Продолжительное горе подавило в этой бедной женщине всякую веселость, всякое сильное чувство; ничего так ясно не доказывает очаровательной любезности Василья, как то, что он даже мать свою заставил горячо полюбить себя. Излияния детской нежности не были в духе того времени, а потому не удивительно, что Ольга не смела обнаруживать свою приверженность, хотя всегда с особенной почтительностью целовала руку Анны Павловны вечером, при прощании. Читать и писать она едва умела.
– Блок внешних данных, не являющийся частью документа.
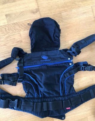 Mochila portabebés Manduca en color negro con detalles en azul. Se vende mochila porta bebés MANDUCA. Como nueva. Apta desde 3,5kg hasta 20kg, con reductor incluido. Ergonómica. Recomendada por pediatras, matronas y fisios pediátricos. Color negro y azulón. Unisex. Muy cómoda. - Capucha integrada. - Cinturón lumbar ajustable. - Tirantes acolchados.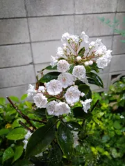 今朝の庭の、雨に濡れるカルミアと額紫陽花です。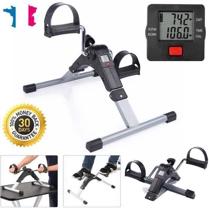 Vélo elliptique sous table - Mini pédalier - 3 niveaux de réglage - Télécommande - Écran LCD - Blanc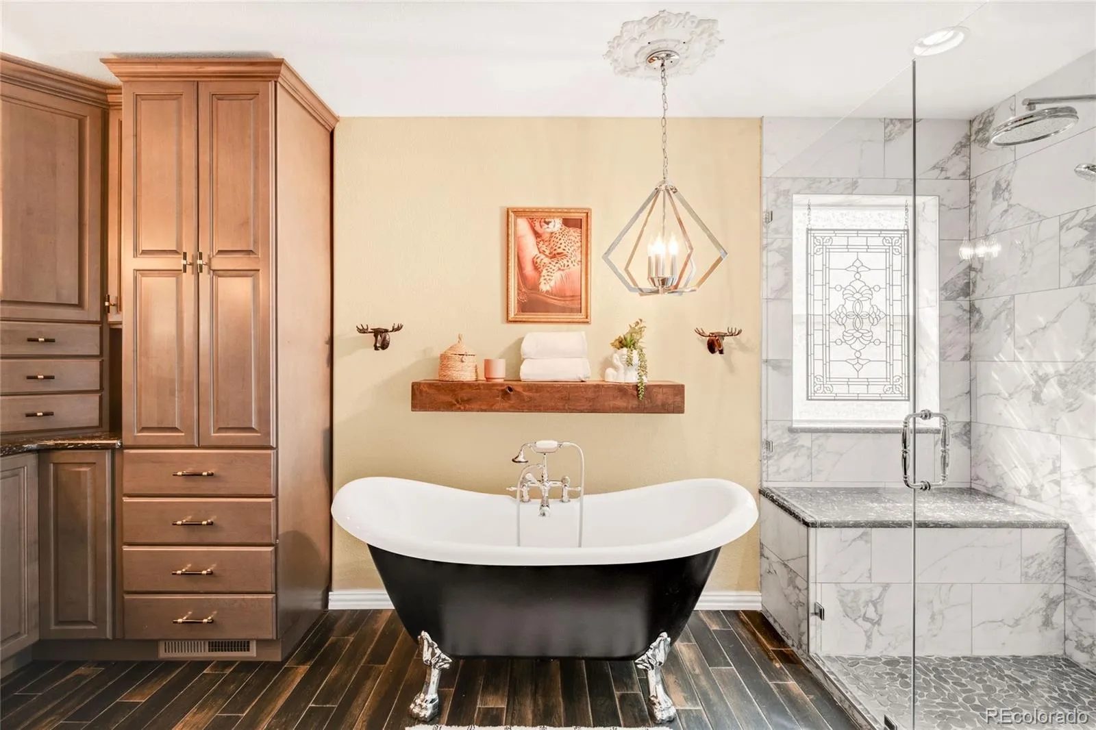 Upstairs, new carpet throughout adds comfort, while a versatile loft and well-designed bedroom layout provide space for everyone. The primary suite feels like a true retreat with a private deck that’s perfect for morning coffee, a custom-designed closet, and a beautifully updated bathroom featuring a large walk-in shower, a stand-alone clawfoot tub, and plenty of cabinet space.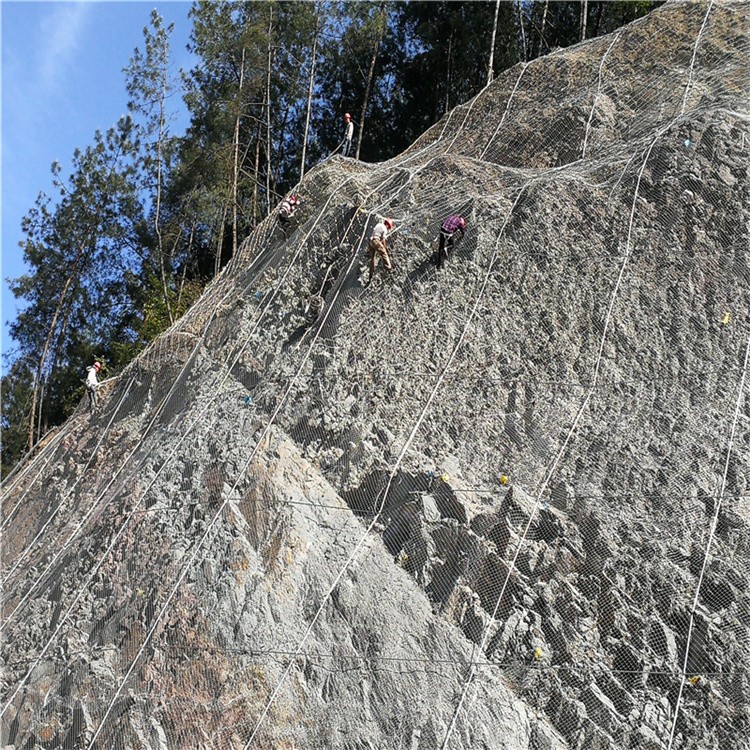 缝合绳:8mm钢丝绳,内外网与支撑绳缝合在一起,结合柔性螺栓形成全体网面,对边坡、地道、山体、基坑等进行强有力的保护。边坡防护网具有灵活性高、耐腐蚀、抗拉强度高、使用寿命长等优点。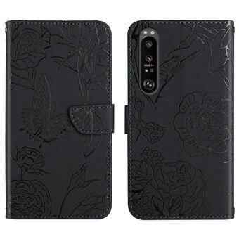 For Sony Xperia 1 III Skin Feel Butterfly Peony Embossed Leather Phone Case(Black)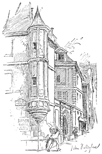 More than suggestions of the wall itself may be got by actual sight of sections that survive, despite the assertions of authorities that no stone is left. At the end of Impasse de Nevers, within a locked gate, you may see a presumable bit. In the court that lies behind Nos. 27 and 29 Rue Guénégaud is a stable, and deep in the shadow of that stable lurks a round tower of Philippe-Auguste, massive and unmarred. At No. 4 Cour du Commerce a locksmith has his shop, and he hangs his keys and iron scraps on nails driven with difficulty between the tightly fitted blocks of another round tower. Turn the corner into Cour de Rohan—a corruption of Rouen, whose archbishop had his town-house here—and you shall find a narrow iron stairway, that mounts the end of the sliced-off wall, and that carries you to a tiny garden, wherein small schoolgirls play on the very top of that wall. Down at the end of Cour de Rohan is an ancient well, dating from the day when this court lay within the grounds of the Hôtel de Navarre, the property of Louis of Orleans before he became Louis XII. In style it was closely akin to the Hôtel de Cluny, and it is a sorrow that it is lost to us. Its entrance was at the present Nos. 49 and 51 of Rue Saint-André-des-Arts, and the very ancient walls in the rear court of 35 the latter house may have belonged to the Hôtel de Navarre. When Louis sold this property, one portion was bought by Dr. Coictier, who had amassed wealth as the physician of Louis XI., and this well was long known by his name. It has lost its metal-work, which was as fine as that of the well once owned by Tristan l'Hermite, Coictier's crony, and now placed in the court of the Cluny Museum.

Двадцать лет спустя русские девицы начали почитывать романы вроде Похождений маркиза Глаголя, Фанфана и Лолоты, Алексея, или Хижины в лесу; начали учиться на клавикордах и петь песни вроде следующей, некогда весьма известной:
Мужчины на свете
Как мухи к нам льнут – и т. д.,
но в семидесятых годах (Ольга Ивановна родилась в 1757 году) наши деревенские красавицы не имели понятия обо всех этих усовершенствованиях. Трудно нам теперь себе представить русскую барышню того века; правда, мы можем, по нашим бабушкам, судить о степени образованности дворянок времен Екатерины; но как прикажете отличить то, что постепенно к ним привилось в течение их долгой жизни, от того, чем они были во дни молодости?
Ольга Ивановна несколько говорила по-французски – но с сильным русским произношением: в ее время об эмигрантах не было еще и помина. Словом, при всех ее хороших качествах, она все-таки была порядочным дичком – и, пожалуй, в простоте сердца своего из собственных рук не раз наказывала какую-нибудь злополучную горничную...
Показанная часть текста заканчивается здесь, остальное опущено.